Black Dahlia
Rumors and Popular Misconceptions
According to newspaper reports shortly after the murder, Elizabeth Short received the nickname "Black Dahlia" at a Long Beach drugstore in the summer of 1946, as a word play on the then-current movie The Blue Dahlia. However, Los Angeles County district attorney investigators' reports state the nickname was invented by newspaper reporters covering the murder. Los Angeles Herald-Express reporter Bevo Means, who interviewed Short's acquaintances at the drug store, is credited with first using the "Black Dahlia" name.
A number of people, none of whom knew Short, contacted police and the newspapers, claiming to have seen her during her so-called "missing week" between the time of her disappearance January 9 and the time her body was found on January 15. Police and district attorney investigators ruled out each of these alleged sightings, sometimes identifying other women that witnesses had mistaken for Short.
Many "true crime" books claim that Short lived in or visited Los Angeles at various times in the mid-1940s; these claims have never been substantiated, and are refuted by the findings of law enforcement officers who investigated the case. A document in the Los Angeles County district attorney's files titled "Movements of Elizabeth Short Prior to June 1, 1946" states that Short was in Florida and Massachusetts from September 1943 through the early months of 1946, and gives a detailed account of her living and working arrangements during this period.

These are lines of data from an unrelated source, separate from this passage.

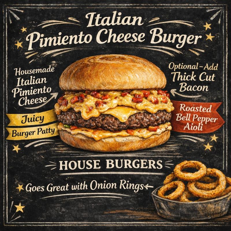 Hand Pattied Burger topped with our housemade Italian Pimiento cheese. Make it extra special by adding Bacon!
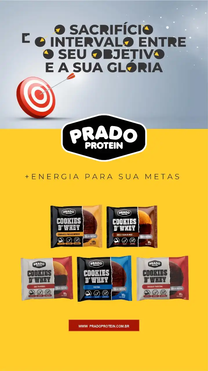 Propaganda Cookie de Whey Protein mais Energia para queimar Caloria Tipo: Propaganda para Rede Social Segmento: Nutrição, Nutricionista, Alimentação, Cookies Cliente: Prado Protein Cores: Amarelo e Marrom Tema: Cookie de Whey Protein mais Energia pra queimar calorias Formato: Feed Instagram e Facebook
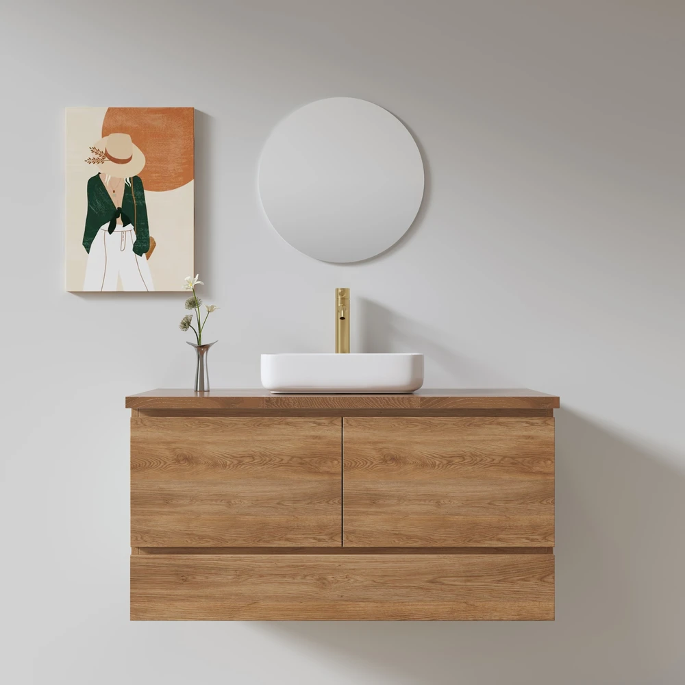 ברז, מראה, כיור מונח, ונטיל וכל מוצר אחר שמשלים עיצוב הארון להמחשה בלבד
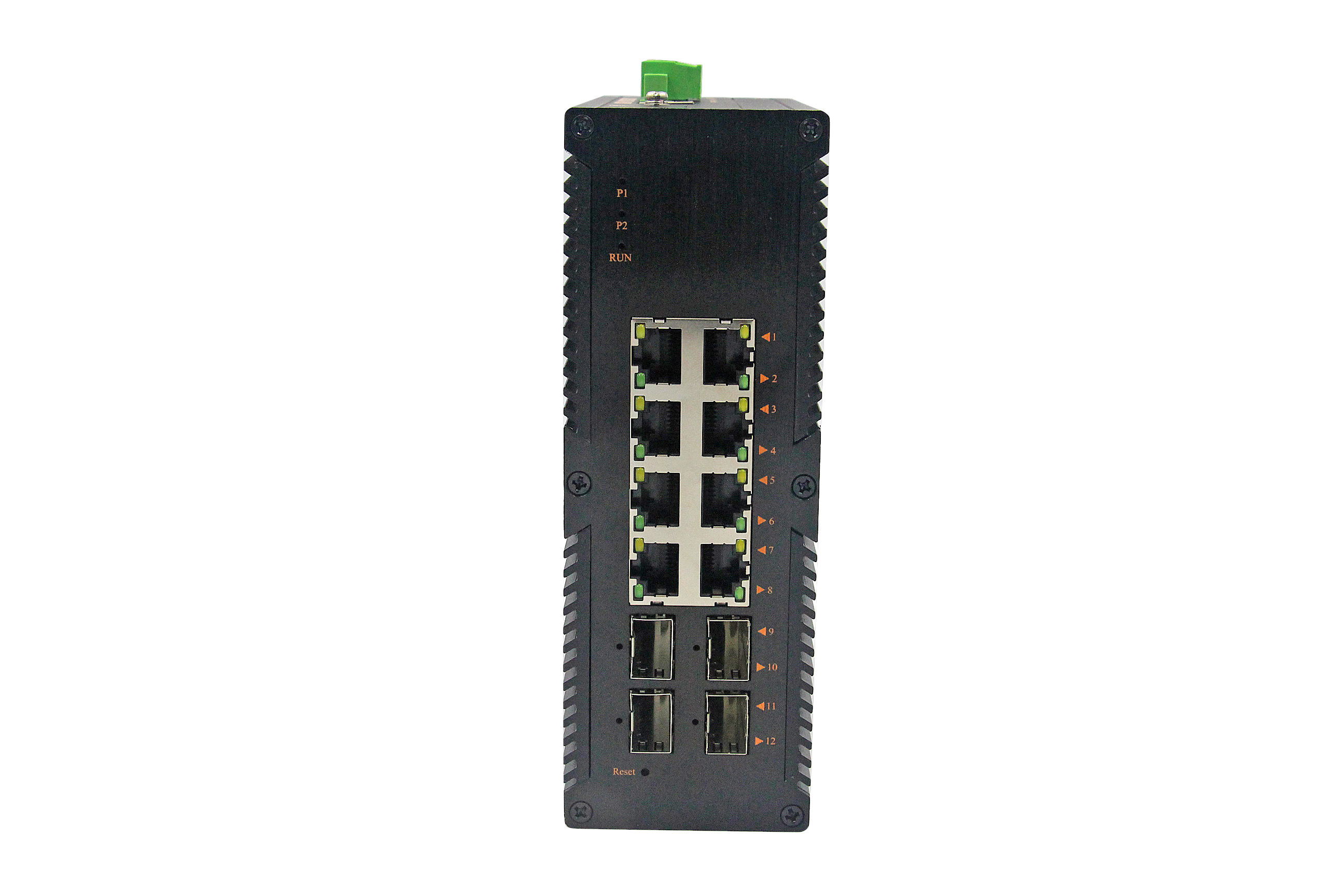 4個千兆光+8個千兆自適應電口、SFP接口、DC12-52V供電 |

Although popular belief as well as many true crime books portrayed Short as a call girl, a report by the district attorney's grand jury states there is no existing evidence that she was ever a prostitute.
Another widely circulated rumor holds that Short was unable to have sexual intercourse because of some genetic defect that left her with "infantile genitalia." Los Angeles County district attorney's files state the investigators had questioned three men with whom Short had sex, including a Chicago police officer who was a suspect in the case. The FBI files on the case also contain a statement from one of Short's alleged lovers. According to the Los Angeles Police Department's summary of the case, in the district attorney's files, the autopsy describes Short's reproductive organs as anatomically normal. The autopsy also states that Short was not and had never been pregnant, contrary to what is sometimes claimed.
The D.A.'s files contain the following:
Doctor Schwartz last stated that he studied surgery and that victim was on the make for him but that she was the patient of Doctor Arthur McGinnis Faught who was treating victim for trouble with her bartholin gland and that he wanted nothing to do with her. He stated that the bartholin gland was the lubricating gland in the vagina and that Doctor Faught had lanced it on several occasions and it could account for the fact that she had not been having intercourse with men.